Path2enet produces pathway-expression-networks reading and integrating high quality pathway data, protein interaction data and expression cell specific data. The development of this type of tools can be very useful to achieve a more integrative and global view of the links and association between the proteins working in specific cellular systems. The tool is not restricted to predefined pathways since it can create large networks blending multiple layers of biological information. Moreover, the tool can use either pre-processed expression data from selected repositories or experimental expression data from RNA-Seq or microarrays.

In this study we applied Path2enet to the analysis of the NOTCH signaling pathway in B cells and T cells.
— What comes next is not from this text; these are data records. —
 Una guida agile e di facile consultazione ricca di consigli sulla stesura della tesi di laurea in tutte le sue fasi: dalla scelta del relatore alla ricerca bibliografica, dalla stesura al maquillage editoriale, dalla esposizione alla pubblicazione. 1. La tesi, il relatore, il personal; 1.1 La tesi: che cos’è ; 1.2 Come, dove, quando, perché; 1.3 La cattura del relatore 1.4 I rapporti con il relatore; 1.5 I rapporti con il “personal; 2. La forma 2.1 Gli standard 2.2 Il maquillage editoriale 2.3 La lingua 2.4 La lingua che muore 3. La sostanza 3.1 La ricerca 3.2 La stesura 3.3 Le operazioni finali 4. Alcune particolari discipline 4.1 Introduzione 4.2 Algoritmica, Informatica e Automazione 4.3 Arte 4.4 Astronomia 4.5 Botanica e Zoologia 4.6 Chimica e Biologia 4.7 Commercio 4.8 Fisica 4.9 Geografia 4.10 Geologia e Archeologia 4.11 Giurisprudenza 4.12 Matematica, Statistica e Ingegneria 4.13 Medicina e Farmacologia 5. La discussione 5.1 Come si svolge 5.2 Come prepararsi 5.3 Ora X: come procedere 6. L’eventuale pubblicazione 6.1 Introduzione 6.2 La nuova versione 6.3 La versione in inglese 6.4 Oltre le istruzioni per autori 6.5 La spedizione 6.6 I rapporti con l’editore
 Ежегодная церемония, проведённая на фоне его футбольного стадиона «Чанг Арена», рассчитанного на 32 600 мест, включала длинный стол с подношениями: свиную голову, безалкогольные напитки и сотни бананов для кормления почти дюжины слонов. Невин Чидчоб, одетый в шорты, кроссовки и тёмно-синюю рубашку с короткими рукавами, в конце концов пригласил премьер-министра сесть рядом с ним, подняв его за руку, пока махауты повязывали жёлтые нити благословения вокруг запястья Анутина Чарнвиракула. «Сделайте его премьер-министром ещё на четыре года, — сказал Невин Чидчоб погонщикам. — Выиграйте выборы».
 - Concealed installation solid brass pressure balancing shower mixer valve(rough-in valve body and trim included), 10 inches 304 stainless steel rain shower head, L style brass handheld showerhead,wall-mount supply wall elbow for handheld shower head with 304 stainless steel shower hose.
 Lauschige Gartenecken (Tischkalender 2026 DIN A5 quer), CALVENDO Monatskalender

We showed that the expression networks based on a large microarray data set of these samples are different for each cell type, modulating the original general view of the canonical pathway provided by KEGG. Moreover, the observed differences have clear biological meaning, as demonstrated, for example, when only 2 out of the 4 NOTCH paralog proteins (NOTCH1, 2, 3, 4) were expressed in B cells and T cells. Thus, a clear signal in all lymphocytes was observed for NOTCH2; while NOTCH1 was also detected in B cells CD19+ and in T cells CD4+. We also found that key regulators like DTX1 and HES1 are strongly expressed in B cells and less expressed, or not present, in T cells. All these results give support to the the value of the networks that Path2enet generates that are cell-type and context specific. In conclusion, users have the possibility to combine several pathways and include protein-protein interaction data to find key players in a specific biological context either for normal or for pathological samples.